DATA EXTRACTS:
----------------------------------------

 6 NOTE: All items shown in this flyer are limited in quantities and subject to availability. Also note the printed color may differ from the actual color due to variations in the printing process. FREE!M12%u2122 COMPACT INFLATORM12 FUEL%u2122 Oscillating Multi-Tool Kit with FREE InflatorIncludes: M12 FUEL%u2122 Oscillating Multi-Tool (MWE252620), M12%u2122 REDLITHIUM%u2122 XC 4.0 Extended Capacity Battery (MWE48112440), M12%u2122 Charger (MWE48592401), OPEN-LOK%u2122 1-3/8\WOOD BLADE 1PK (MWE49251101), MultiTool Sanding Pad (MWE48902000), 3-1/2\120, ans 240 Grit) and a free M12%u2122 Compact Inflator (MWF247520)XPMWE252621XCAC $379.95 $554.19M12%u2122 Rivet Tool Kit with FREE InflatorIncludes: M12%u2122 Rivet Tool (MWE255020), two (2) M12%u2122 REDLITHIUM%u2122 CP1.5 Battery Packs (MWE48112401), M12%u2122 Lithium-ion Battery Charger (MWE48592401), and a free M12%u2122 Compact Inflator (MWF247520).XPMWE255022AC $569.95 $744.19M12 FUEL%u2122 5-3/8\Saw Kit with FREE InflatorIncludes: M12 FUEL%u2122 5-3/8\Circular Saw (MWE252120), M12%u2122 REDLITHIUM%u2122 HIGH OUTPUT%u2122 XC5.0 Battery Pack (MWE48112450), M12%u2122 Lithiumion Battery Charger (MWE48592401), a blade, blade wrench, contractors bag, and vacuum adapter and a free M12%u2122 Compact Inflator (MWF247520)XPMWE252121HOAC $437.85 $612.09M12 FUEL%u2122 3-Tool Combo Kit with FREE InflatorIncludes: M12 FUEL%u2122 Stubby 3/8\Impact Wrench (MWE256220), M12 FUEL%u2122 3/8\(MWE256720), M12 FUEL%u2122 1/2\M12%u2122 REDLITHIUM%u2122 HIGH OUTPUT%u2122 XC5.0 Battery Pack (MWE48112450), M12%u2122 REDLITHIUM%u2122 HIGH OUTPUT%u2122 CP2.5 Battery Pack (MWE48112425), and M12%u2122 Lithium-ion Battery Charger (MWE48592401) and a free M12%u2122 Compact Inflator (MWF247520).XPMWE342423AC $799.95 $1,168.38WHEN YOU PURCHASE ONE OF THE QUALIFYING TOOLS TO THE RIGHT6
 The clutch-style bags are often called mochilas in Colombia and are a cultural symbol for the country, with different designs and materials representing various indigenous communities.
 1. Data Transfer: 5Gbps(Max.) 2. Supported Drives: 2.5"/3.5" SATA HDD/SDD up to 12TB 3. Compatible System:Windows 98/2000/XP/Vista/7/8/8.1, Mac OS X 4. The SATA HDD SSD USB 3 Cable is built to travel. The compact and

----------------------------------------

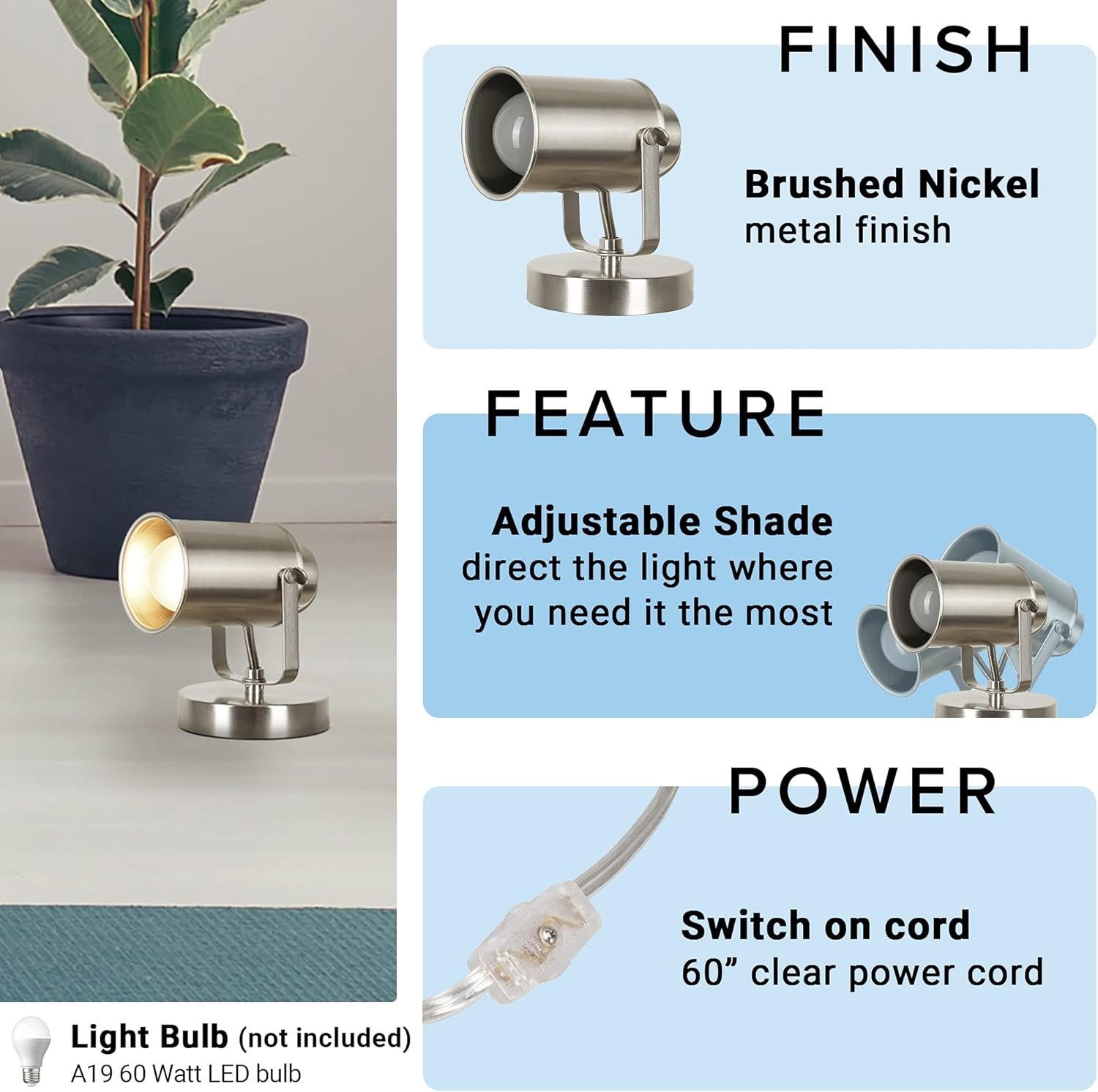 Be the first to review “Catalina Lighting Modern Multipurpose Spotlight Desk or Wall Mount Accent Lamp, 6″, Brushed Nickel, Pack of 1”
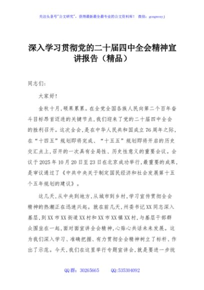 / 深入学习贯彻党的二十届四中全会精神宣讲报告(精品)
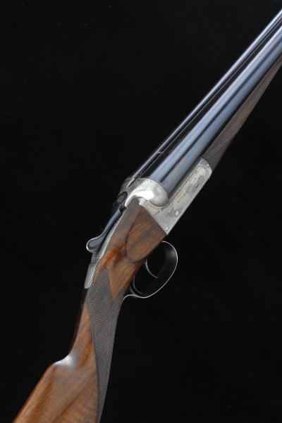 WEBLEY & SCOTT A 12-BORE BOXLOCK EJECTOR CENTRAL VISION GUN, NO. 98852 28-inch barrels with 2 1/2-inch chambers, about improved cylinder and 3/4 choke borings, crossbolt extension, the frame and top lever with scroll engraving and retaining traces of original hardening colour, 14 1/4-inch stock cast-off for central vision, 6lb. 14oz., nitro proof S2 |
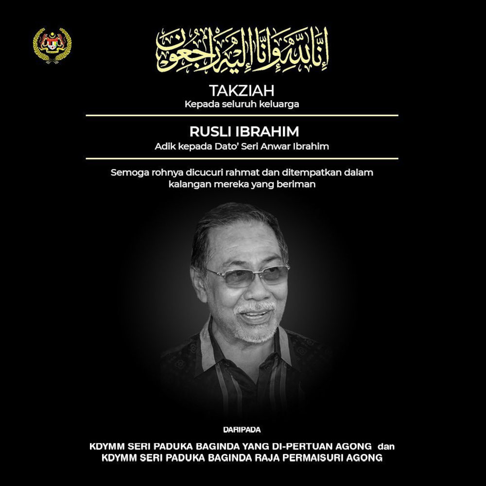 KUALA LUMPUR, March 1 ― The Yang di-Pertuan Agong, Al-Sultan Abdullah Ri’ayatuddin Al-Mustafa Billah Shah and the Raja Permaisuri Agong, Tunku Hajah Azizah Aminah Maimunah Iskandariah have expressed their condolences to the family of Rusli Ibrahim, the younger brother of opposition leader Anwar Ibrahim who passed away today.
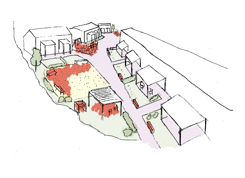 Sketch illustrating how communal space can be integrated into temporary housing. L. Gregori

----------------------------------------

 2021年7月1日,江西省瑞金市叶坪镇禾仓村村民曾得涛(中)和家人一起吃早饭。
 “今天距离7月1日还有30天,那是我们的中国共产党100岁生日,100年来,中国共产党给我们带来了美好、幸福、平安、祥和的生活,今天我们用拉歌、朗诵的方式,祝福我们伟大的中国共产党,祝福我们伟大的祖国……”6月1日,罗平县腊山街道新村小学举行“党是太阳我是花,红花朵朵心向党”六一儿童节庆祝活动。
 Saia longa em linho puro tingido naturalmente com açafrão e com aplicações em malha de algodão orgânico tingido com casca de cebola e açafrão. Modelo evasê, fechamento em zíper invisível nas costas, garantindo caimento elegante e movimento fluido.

----------------------------------------

TASK OBJECTIVE: Only the lines above from the one with "WEBLEY & SCOTT" to the one with "Sketch illustrating how" should be printed, both included and exactly as written; no picture belongs in the copy.

EXERCISE RESULT:
 WEBLEY & SCOTT A 12-BORE BOXLOCK EJECTOR CENTRAL VISION GUN, NO. 98852 28-inch barrels with 2 1/2-inch chambers, about improved cylinder and 3/4 choke borings, crossbolt extension, the frame and top lever with scroll engraving and retaining traces of original hardening colour, 14 1/4-inch stock cast-off for central vision, 6lb. 14oz., nitro proof S2 |
 KUALA LUMPUR, March 1 ― The Yang di-Pertuan Agong, Al-Sultan Abdullah Ri’ayatuddin Al-Mustafa Billah Shah and the Raja Permaisuri Agong, Tunku Hajah Azizah Aminah Maimunah Iskandariah have expressed their condolences to the family of Rusli Ibrahim, the younger brother of opposition leader Anwar Ibrahim who passed away today.
 Sketch illustrating how communal space can be integrated into temporary housing. L. Gregori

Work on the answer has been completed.